The path split before them, and Yaozu urged Andan Cly down the right fork.

“How much time?”

“Impossible to say. The tubes and pumps have held for years, and might hold for years to come. Or they might not.”

“What about those engineers you mentioned?” Cly asked. “Can they give you a better idea?”

“They’re trying, but they are new to the city and still learning the finer points of its workings. I have recruited them with generous paychecks. And I am trusting your confidence on this matter when I tell you—” He paused and looked up into the giant’s face. “—I’m burning through Minnericht’s coffers at a rather alarming rate. He left a fortune, of course. He hoarded it like a dragon, underneath King Street Station. But it is costing a fortune to keep this place livable.”

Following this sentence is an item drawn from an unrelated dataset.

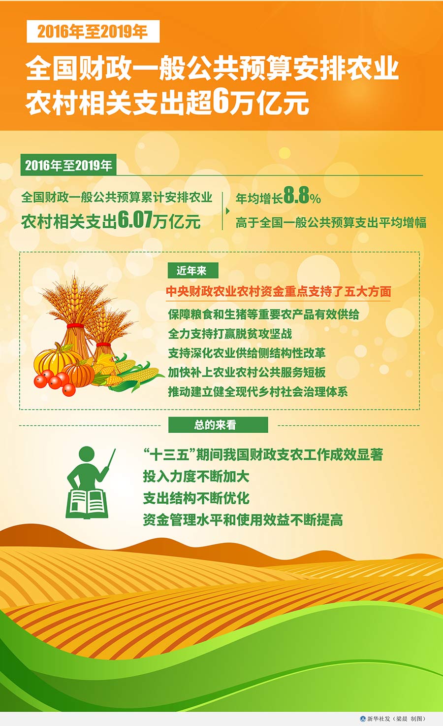 新華社北京12月23日電(記者申鋮)財政部部長劉昆23日表示,2016年至2019年,全國財政一般公共預算累計安排農(nóng)業(yè)農(nóng)村相關支出6.07萬億元,年均增長8.8%,高于全國一般公共預算支出平均增幅。

The captain asked, “Then why are you going to all this trouble? Does the sap really make that much money, to make it all worth this?”

A thin, slow smile spread across Yaozu’s face, and it was not entirely pleasant. “Oh, yes. And the potential for more money still is staggering. The gas — this punishing, brutal substance that killed the city above us — it offers us the means to save it. With better processing and more efficient means of survival underground, these doornails”—he used the white men’s slang for the underground citizens—“could make more money than Californians have ever dug out of their rocks.”

“And you.”

“Me?”

“You stand to make a bundle, too, don’t you?”

“Absolutely. But as I was sometimes forced to wonder, with regards to my former … employer, what does it profit a man to be wealthy, but to live in the midst of such…” He hunted for a word, and settled on one. “Instability? It was obscene to me, how much he could have done for this place — and how little interest he showed in doing so.”

“So why don’t you make your money and leave? With what’s left of Minnericht’s stash, you could live like a king outside these walls. Everybody knows it. Everybody wonders.”